▶ _Work request_: Pictures excluded, output the lines of the data below between the one holding "com a espátula." and the one holding "В случае перемещения", inclusive, exactly as they stand.

▶ _Given records_:
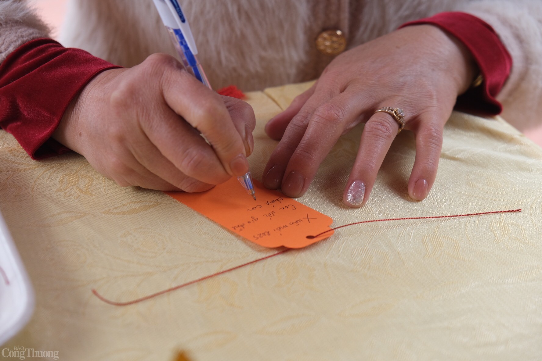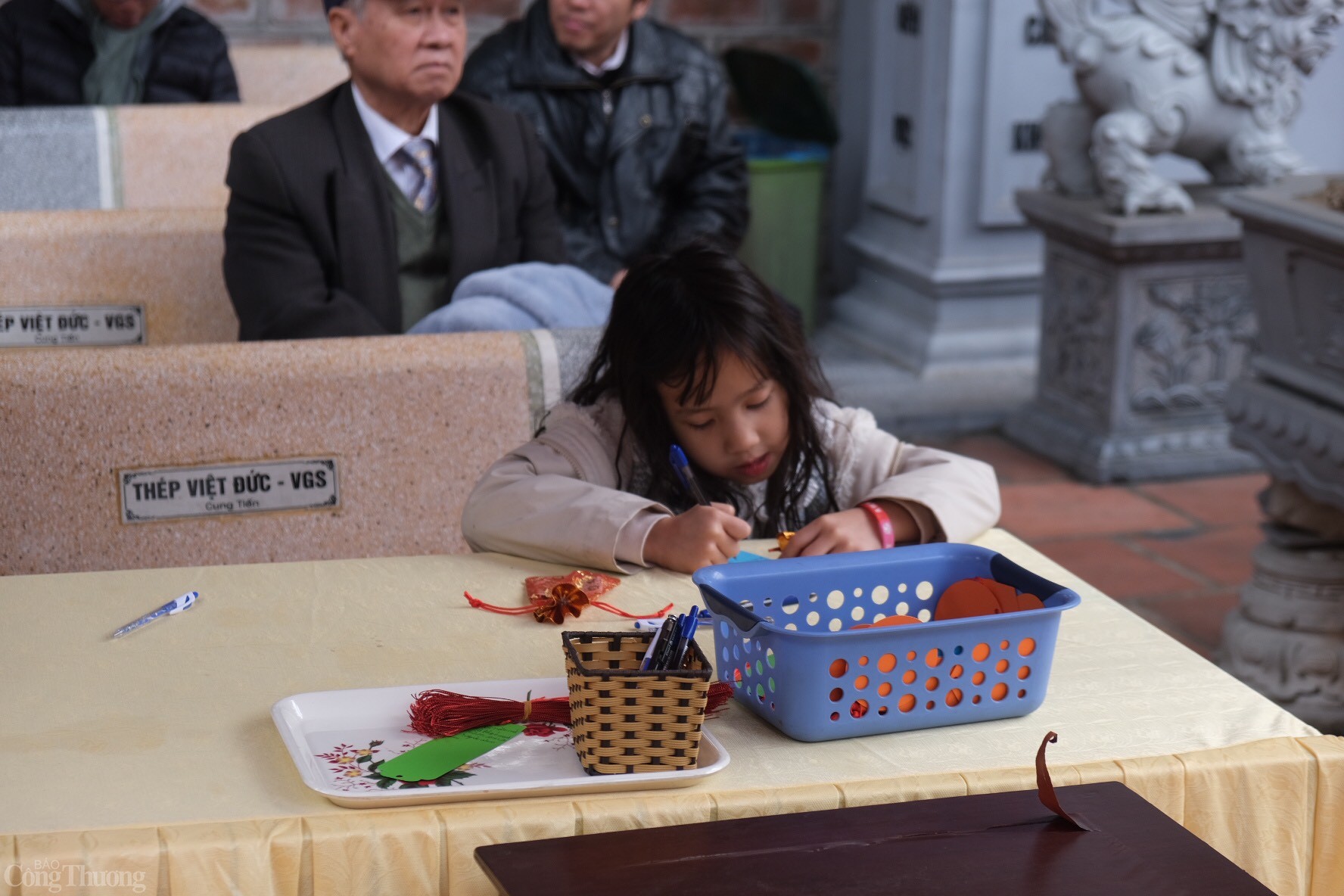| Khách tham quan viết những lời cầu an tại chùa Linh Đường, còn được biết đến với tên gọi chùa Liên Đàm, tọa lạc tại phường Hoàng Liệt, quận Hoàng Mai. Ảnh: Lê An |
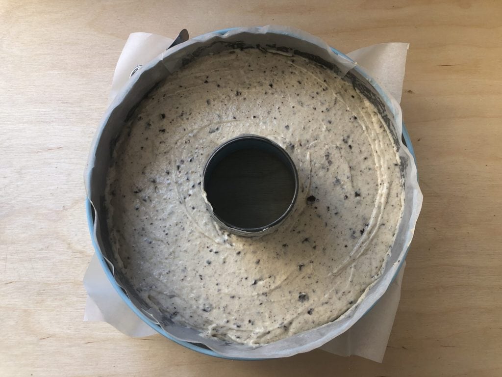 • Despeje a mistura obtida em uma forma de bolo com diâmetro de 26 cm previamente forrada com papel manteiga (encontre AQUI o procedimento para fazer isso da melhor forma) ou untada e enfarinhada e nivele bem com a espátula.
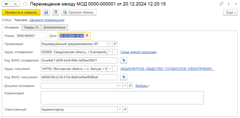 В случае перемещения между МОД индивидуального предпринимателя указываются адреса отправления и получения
---
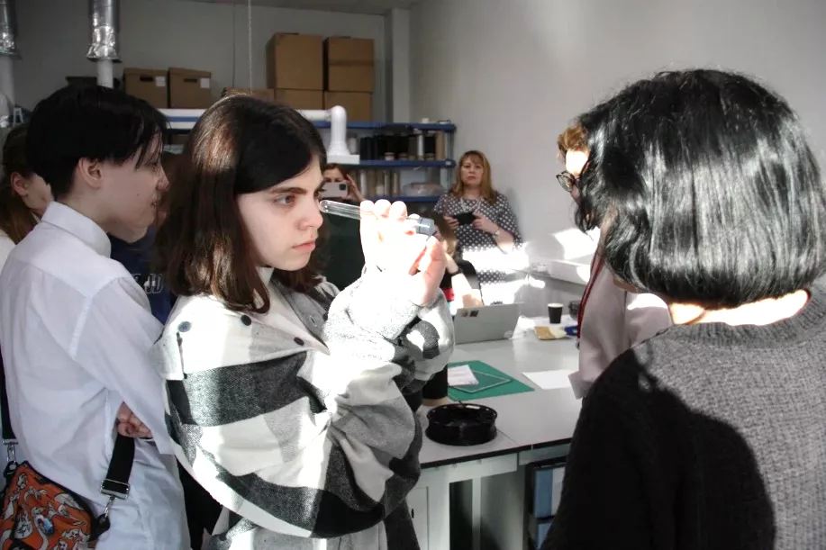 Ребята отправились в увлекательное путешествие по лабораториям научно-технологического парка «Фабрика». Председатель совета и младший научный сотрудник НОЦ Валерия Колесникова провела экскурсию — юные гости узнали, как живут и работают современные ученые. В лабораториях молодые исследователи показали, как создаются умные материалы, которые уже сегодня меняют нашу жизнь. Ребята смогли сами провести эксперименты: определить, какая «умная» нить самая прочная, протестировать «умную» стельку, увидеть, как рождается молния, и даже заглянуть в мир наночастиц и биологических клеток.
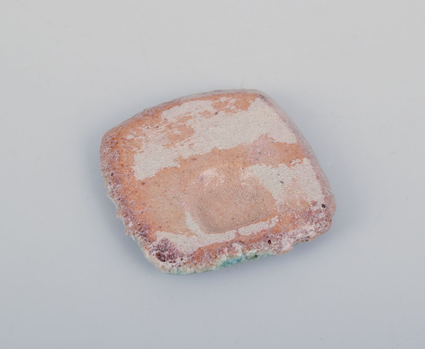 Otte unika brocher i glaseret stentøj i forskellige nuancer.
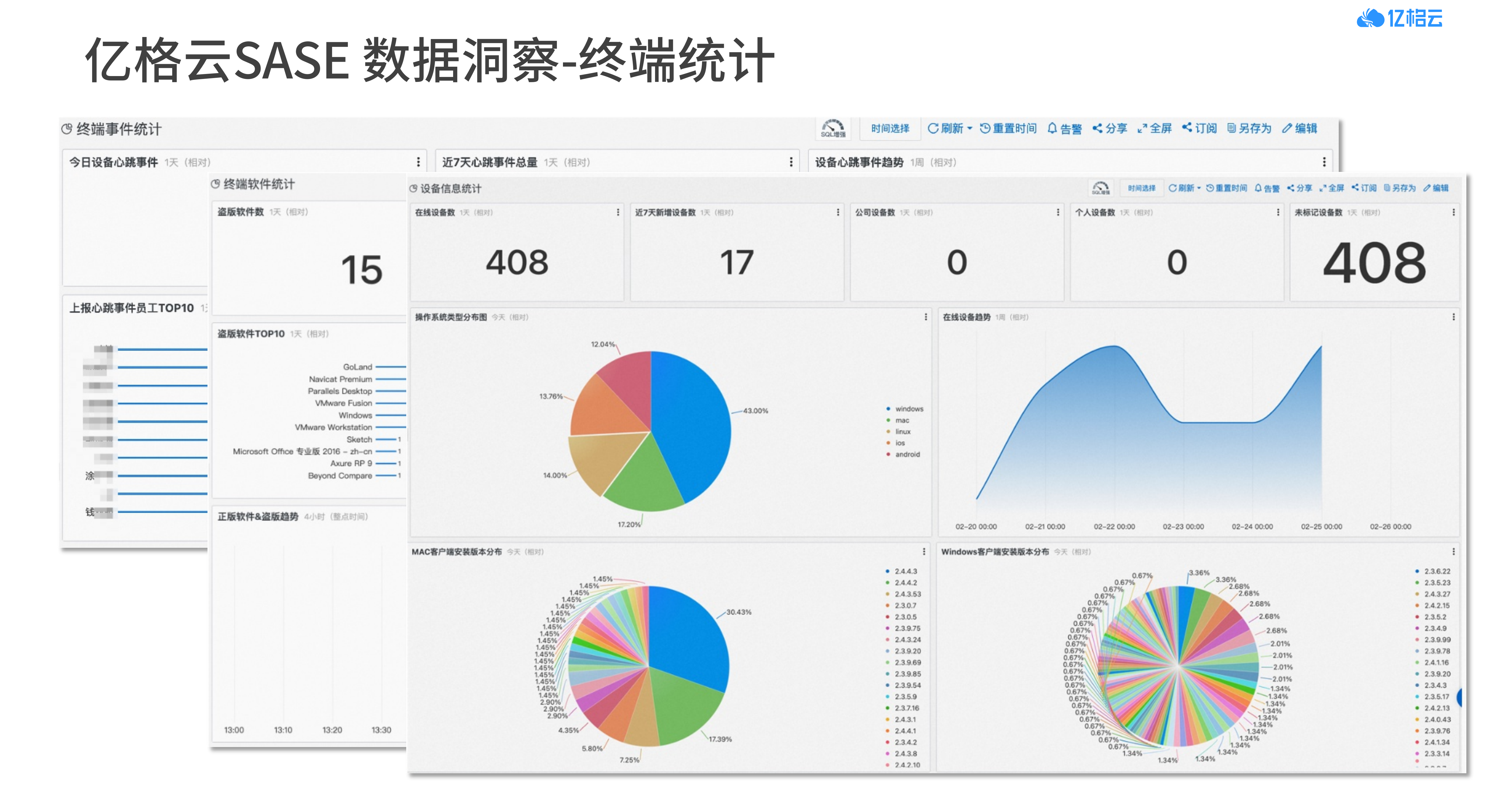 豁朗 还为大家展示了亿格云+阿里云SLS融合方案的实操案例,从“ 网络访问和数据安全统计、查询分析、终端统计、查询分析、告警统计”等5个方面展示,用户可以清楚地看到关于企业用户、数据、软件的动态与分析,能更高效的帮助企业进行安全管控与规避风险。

▶ _Final answer_:
 • Despeje a mistura obtida em uma forma de bolo com diâmetro de 26 cm previamente forrada com papel manteiga (encontre AQUI o procedimento para fazer isso da melhor forma) ou untada e enfarinhada e nivele bem com a espátula.
 В случае перемещения между МОД индивидуального предпринимателя указываются адреса отправления и получения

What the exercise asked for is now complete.